*Aim of the exercise*.
Only one span of the material below is wanted. Output it exactly, from the line with "之后,在热烈的掌声中,团总支" through the line with "水仙花盆陶瓷铜钱水培睡莲一叶莲碗莲金钱水养盆缸无熊", without any pictures.

*Input records*.
.....

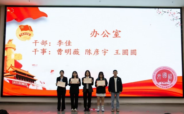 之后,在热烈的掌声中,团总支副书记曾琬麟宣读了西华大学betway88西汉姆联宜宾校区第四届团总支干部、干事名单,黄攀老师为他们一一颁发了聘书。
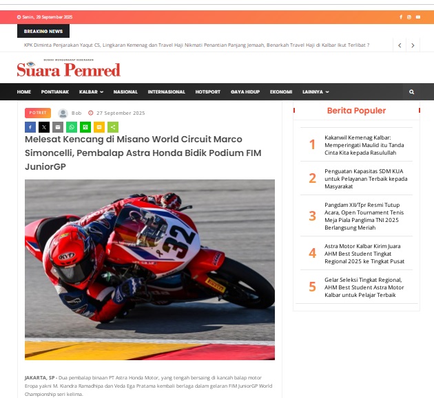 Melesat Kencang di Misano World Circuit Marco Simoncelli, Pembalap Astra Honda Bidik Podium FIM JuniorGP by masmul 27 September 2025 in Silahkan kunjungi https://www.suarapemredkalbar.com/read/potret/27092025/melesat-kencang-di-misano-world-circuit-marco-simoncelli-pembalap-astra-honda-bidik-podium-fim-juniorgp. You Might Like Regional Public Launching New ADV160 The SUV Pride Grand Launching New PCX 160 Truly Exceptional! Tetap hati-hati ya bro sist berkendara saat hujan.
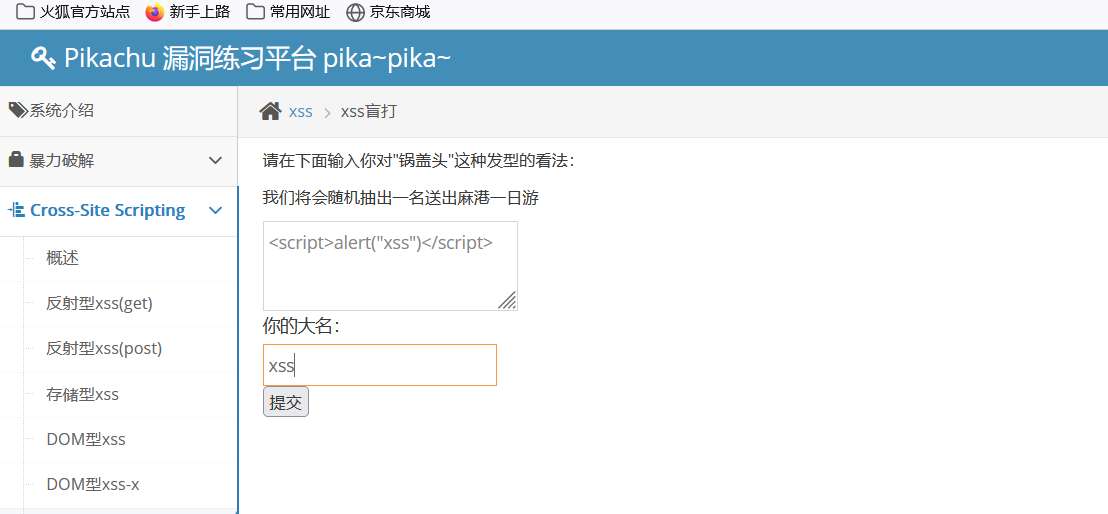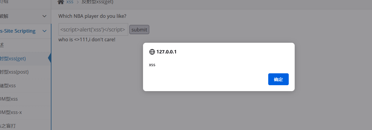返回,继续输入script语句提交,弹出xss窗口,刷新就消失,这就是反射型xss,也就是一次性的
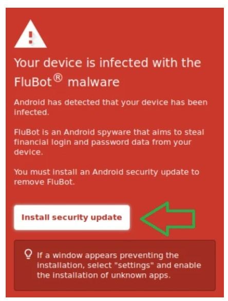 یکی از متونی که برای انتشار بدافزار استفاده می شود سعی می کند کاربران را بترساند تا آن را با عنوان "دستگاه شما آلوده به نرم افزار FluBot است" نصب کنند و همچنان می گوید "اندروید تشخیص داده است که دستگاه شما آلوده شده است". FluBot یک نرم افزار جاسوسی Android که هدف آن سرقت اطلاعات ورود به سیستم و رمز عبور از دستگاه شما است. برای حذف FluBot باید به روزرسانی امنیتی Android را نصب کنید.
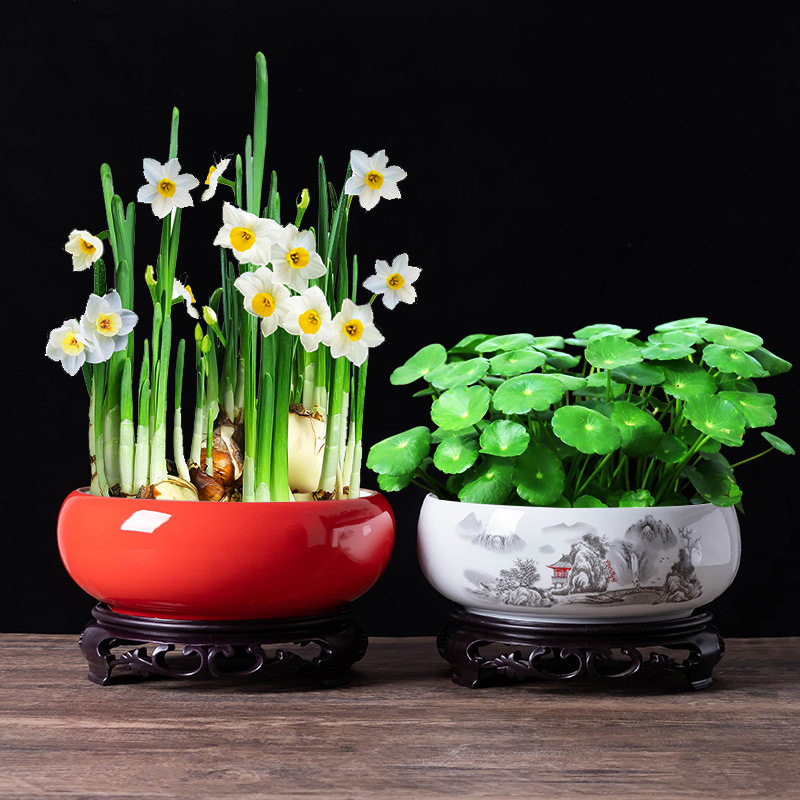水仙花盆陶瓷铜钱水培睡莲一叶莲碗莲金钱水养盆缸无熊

.....

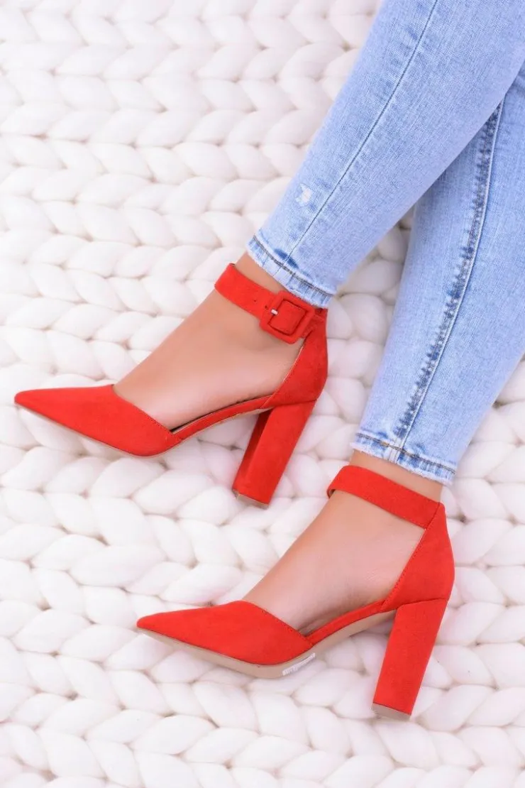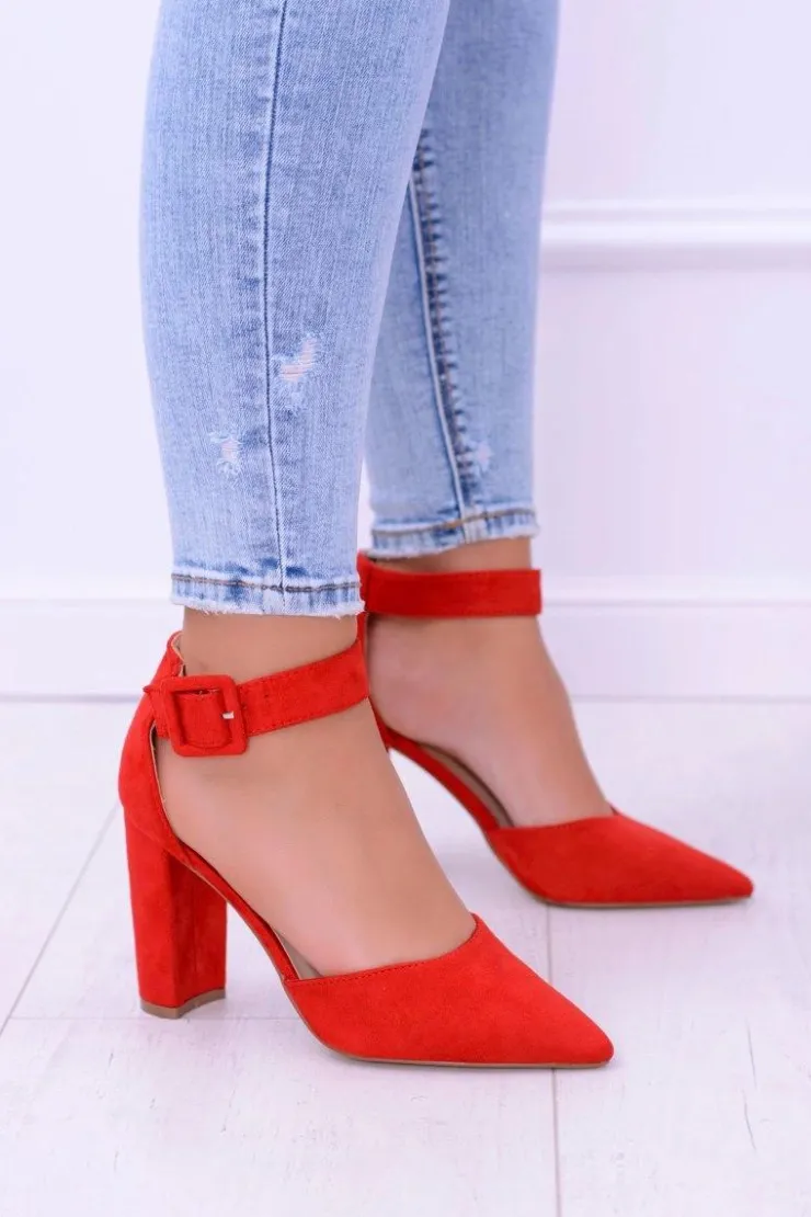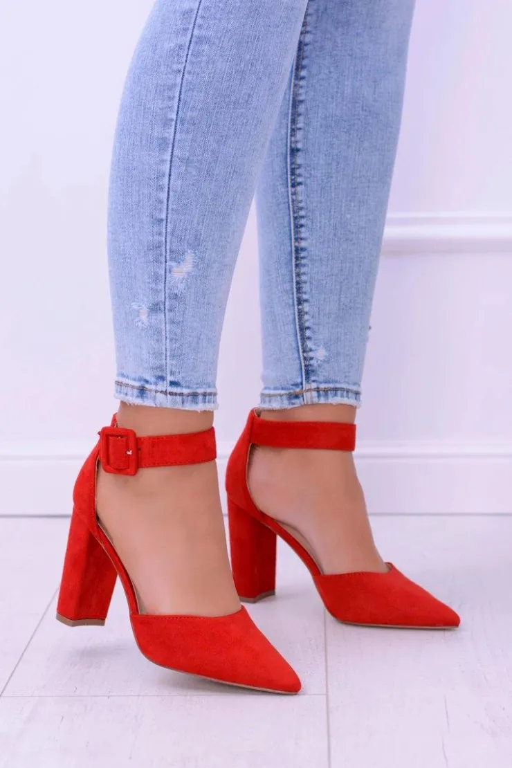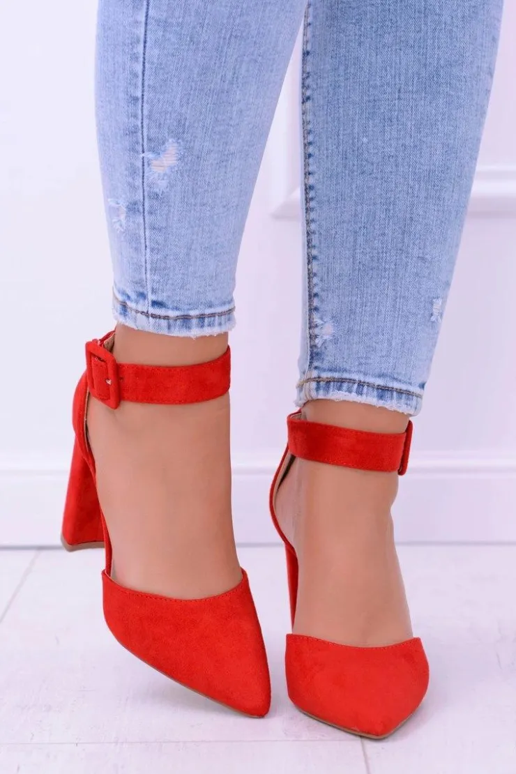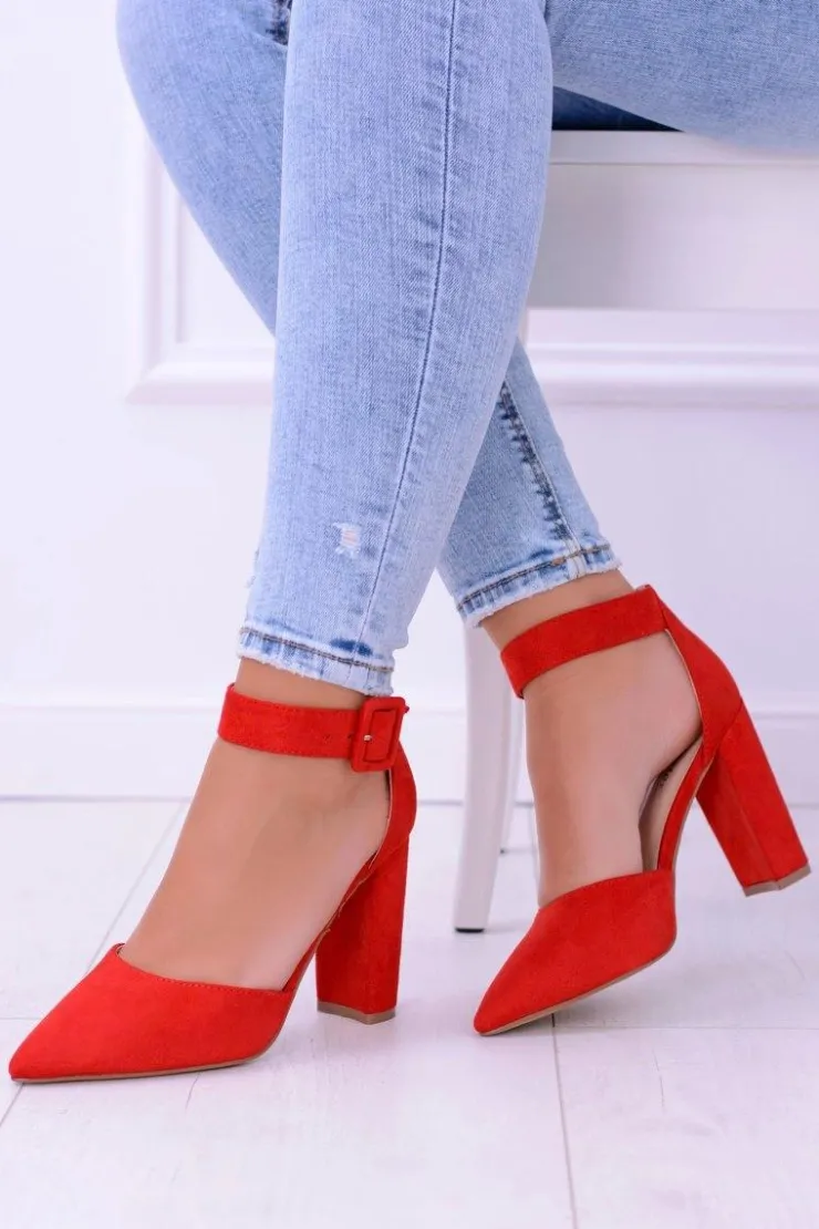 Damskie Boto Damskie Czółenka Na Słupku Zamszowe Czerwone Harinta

.....

*Problem solution*.
 之后,在热烈的掌声中,团总支副书记曾琬麟宣读了西华大学betway88西汉姆联宜宾校区第四届团总支干部、干事名单,黄攀老师为他们一一颁发了聘书。
 Melesat Kencang di Misano World Circuit Marco Simoncelli, Pembalap Astra Honda Bidik Podium FIM JuniorGP by masmul 27 September 2025 in Silahkan kunjungi https://www.suarapemredkalbar.com/read/potret/27092025/melesat-kencang-di-misano-world-circuit-marco-simoncelli-pembalap-astra-honda-bidik-podium-fim-juniorgp. You Might Like Regional Public Launching New ADV160 The SUV Pride Grand Launching New PCX 160 Truly Exceptional! Tetap hati-hati ya bro sist berkendara saat hujan.
返回,继续输入script语句提交,弹出xss窗口,刷新就消失,这就是反射型xss,也就是一次性的
 یکی از متونی که برای انتشار بدافزار استفاده می شود سعی می کند کاربران را بترساند تا آن را با عنوان "دستگاه شما آلوده به نرم افزار FluBot است" نصب کنند و همچنان می گوید "اندروید تشخیص داده است که دستگاه شما آلوده شده است". FluBot یک نرم افزار جاسوسی Android که هدف آن سرقت اطلاعات ورود به سیستم و رمز عبور از دستگاه شما است. برای حذف FluBot باید به روزرسانی امنیتی Android را نصب کنید.
水仙花盆陶瓷铜钱水培睡莲一叶莲碗莲金钱水养盆缸无熊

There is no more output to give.